I am Muslim, and after attacks like these, folks always ask, “Do you condemn terrorism?” Or they throw up their hands and say, “Where are the Muslims!” Well, to be blunt: Not at the event. In fact, every major mosque in the Garland, Texas, area not only shrugged off the anti-Islam event happening in their backyard, but also declined to exercise their equal right to peacefully protest it. It appears from early reports that the suspects were not currently involved with a mosque. This is because American Muslims — our mosques and our leadership — reject radicalism out of hand. — (Don’t be fooled by Pamela Geller By Haroon Moghul)

pamelagellerPamela Geller as you may or may not know is the radical anti-Islamist from the East Coast who sponsored the “Free Speech” shindig in Texas.  What could be more American than a free speech contest?  Who could be more American than someone wanting to uphold our First Amendment rights?  Where else in the world would you find a contest proving to the world that Americans are willing to denigrate the beliefs of a large religious following except in Texas?   And I am not talking about the beliefs of Baptists either.
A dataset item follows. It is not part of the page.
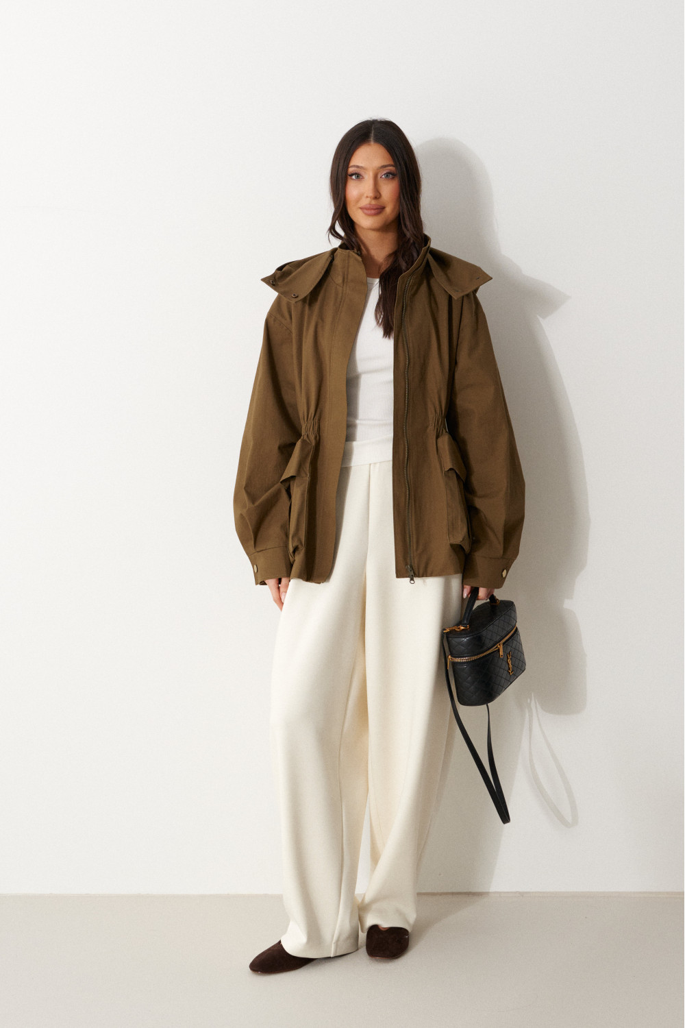 Куртка свободного кроя. Выполнена плотной хлопковой ткани коричневого цвета. С подкладкой. Воротник стойка. Застёжка центральная молния. Объёмный капюшон с застёжкой кнопками. Рукав втачной, спущенный, с манжетом, с кнопкой. Линия талии в изделии на резинке (не регулируемой). По переду внизу накладные карманы с клапаном.

Of course the followers of Ms. Geller immediately launched a reply to Mr. Moghul some of which is as follows:

The clearest indication that Haroon Moghul is a jihad terror-enabling charlatan is the fact that after jihadis attempt to commit mass murder at a free speech event, he doesn’t write a piece defending free speech and explaining why Muslims must accept it, or a piece condemning the Islamic jihadis and explaining why Islam’s death penalty for blasphemy must not be carried out in the modern age, or a piece calling for reform of the teachings and doctrines that Islamic jihadis use to justify violence and supremacism. ­­–  (Don’t be fooled by Haroon Moghul by Robert Spencer)

ExtremistsWho do I believe? Whose logic do I choose: The Jihadist Moghul or the Pro-American anti-Islamist Pam Geller?  This is a tough choice.  My background does not help.  I grew up as a Roman Catholic in an Italian neighborhood in New York.   Jews were evil because they killed Christ.  Protestants were misguided because they rejected the Pope and the Blessed Virgin Mary.  Muslims were bad because they killed a lot of Christians during the Holy Wars and because they thought Muhammed was a better prophet then Jesus.  Hindus were weird because they had too many gods and Buddhists did not believe in God so they could not even be counted as a real religion.  I grew up with a father who was a WW II decorated combat veteran and who hated communists.  The French were not much better than communists to my dad since De Gaulle kicked us out of France shortly after the war was over.  Thus, my religious world was divided into good and bad.  Good= Roman Catholic.  Bad= All other religions or quasi-religions including kooky sects with make believe TV ministers.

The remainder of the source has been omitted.